Abuses of Power

For the past couple of months, I have been watching the political shenanigans in Wisconsin, Indiana, Ohio, Michigan, Maine and elsewhere with increasing disbelief, trying to figure out what has prompted such disdain for civility, democratic process and  individual rights.

In the latest bizarre twist from Wisconsin, the Governor and GOP leadership simply ignored an order of the federal court. The court had issued a stay of the law repealing collective bargaining rights, pending an evidentiary hearing on whether it had been passed in a manner consistent with the state’s open door law. The legislature could have abided by the order, or it could have held another vote, after proper notice. Instead, those in charge decided to thumb their noses at a court order.

The belligerent and tone-deaf Governor of Maine unilaterally decided to erase a mural that he didn’t like. It was on the walls of the state’s Department of Labor, and portrayed the history of the labor movement.
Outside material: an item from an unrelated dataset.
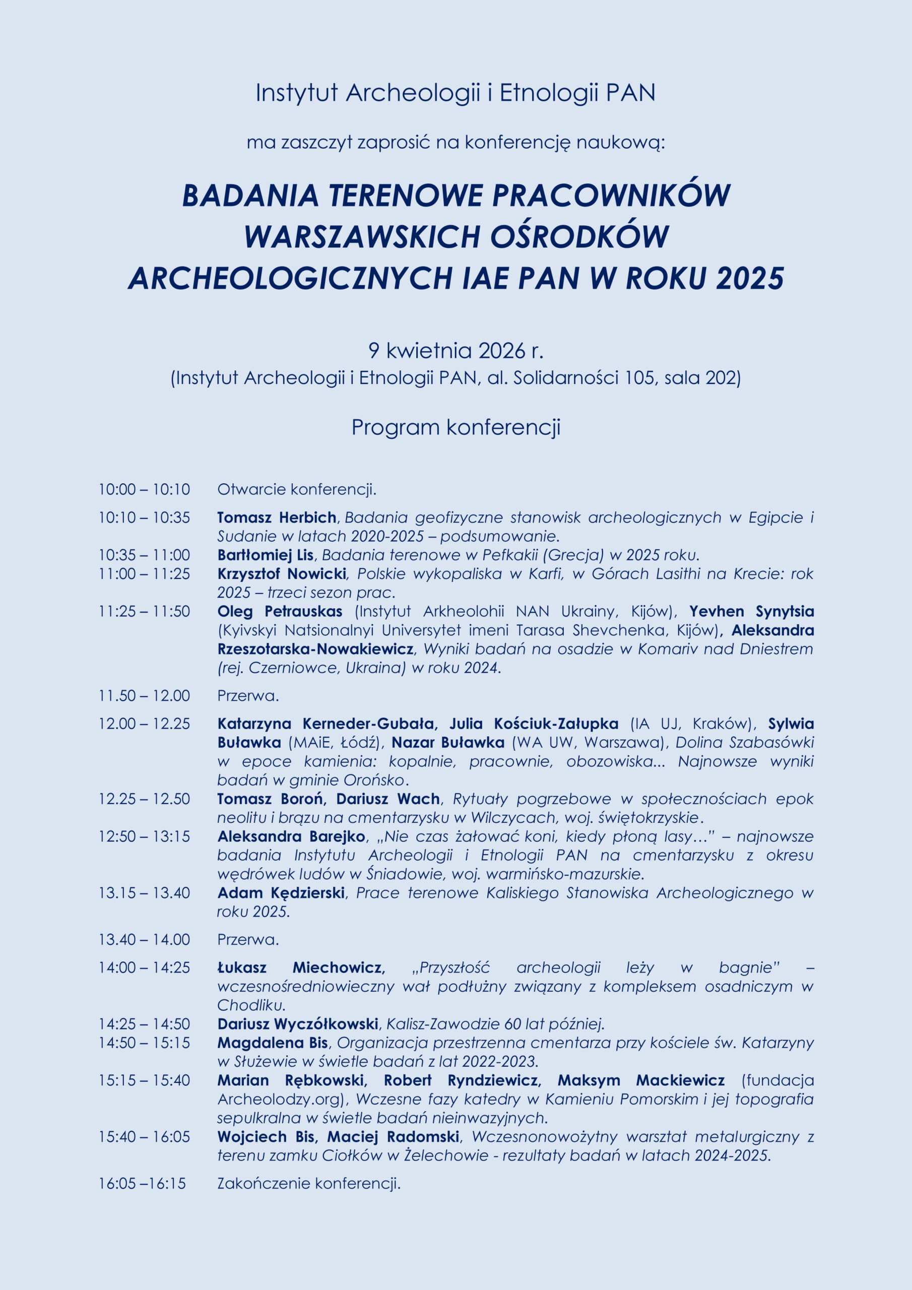 Konferencja “Badania terenowe pracowników warszawskich ośrodków archeologicznych IAE PAN w roku 2025”

In Michigan, the Governor has proposed–and the legislative majority has apparently approved–a bill that gives him unprecedented, nearly dictatorial powers of the sort not seen in the United States (probably because those powers appear to conflict with our constitutional system of checks and balances).

In Indiana, the Republicans who now control both houses have been indulging in some of the most vindictive lawmaking we’ve seen. (A former student of mine who has been lobbying this session recently characterized the chamber as “the Hatehouse.”)  They are busily passing measures to marginalize gays, harass immigrants, and make it difficult if not impossible for women to control their own reproduction. (During arguments over the imposition of a three-day waiting period before women can obtain an abortion, a woman legislator asked that an exception be added for cases of rape; the sponsor angrily responded that such an exception would be a ‘major loophole’ because women would all claim to have been raped! The proposed amendment was then voted down.)

I could go on and on, unfortunately. But the larger question is: what is going on? What explains this epidemic of bullying?

I don’t know if I can explain the “why” of all this, but I think I can characterize the “what.”

One of the goals of this nation’s founders was memorably related by John Adams, who explained that the Constitution was intended to establish a nation of “laws, not men.” We would have a country where the rule of law trumped the exercise of raw power. No one was to be above the law, and the purpose of the law was to limit the ability of those in power to abuse that power. What we are seeing is what happens when people elected to office behave like thugs, using their positions for personal and political aggrandizement rather than for the common good.

The people elected in 2010 talk a lot about the constitution, but their actions betray their absolute ignorance of its central purpose.